▶ Work to complete: Copy out precisely the lines of the material that follows, beginning with the line containing "This is a 2022" and ending with its last line; exclude pictures.

▶ Data excerpt:
============
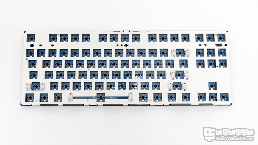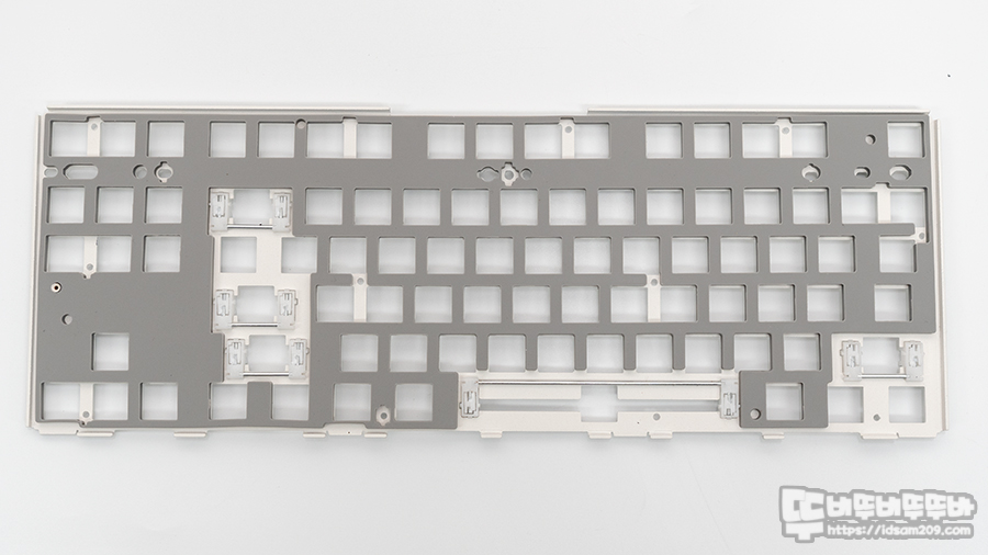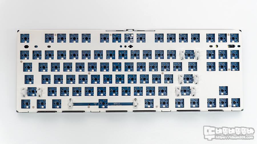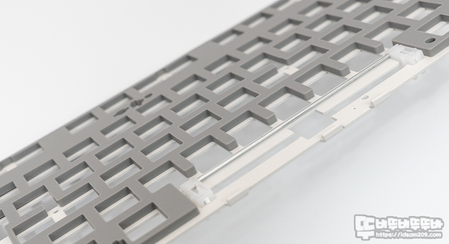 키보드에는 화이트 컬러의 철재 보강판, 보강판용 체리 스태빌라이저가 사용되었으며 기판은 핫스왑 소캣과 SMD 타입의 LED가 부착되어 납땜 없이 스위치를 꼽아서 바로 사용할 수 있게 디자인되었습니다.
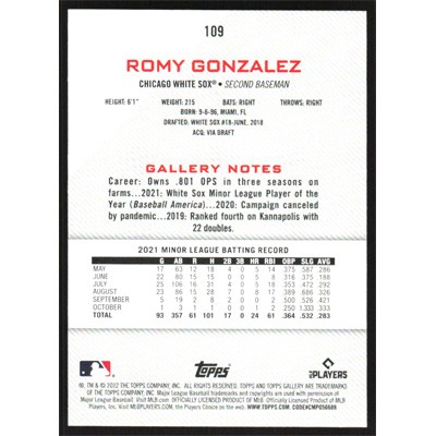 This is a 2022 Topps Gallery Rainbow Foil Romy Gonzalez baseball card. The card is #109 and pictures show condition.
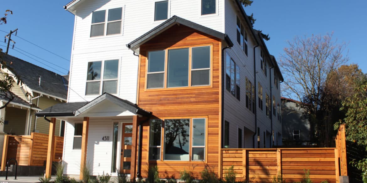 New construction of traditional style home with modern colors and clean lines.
============
▶ Task answer:
 This is a 2022 Topps Gallery Rainbow Foil Romy Gonzalez baseball card. The card is #109 and pictures show condition.
 New construction of traditional style home with modern colors and clean lines.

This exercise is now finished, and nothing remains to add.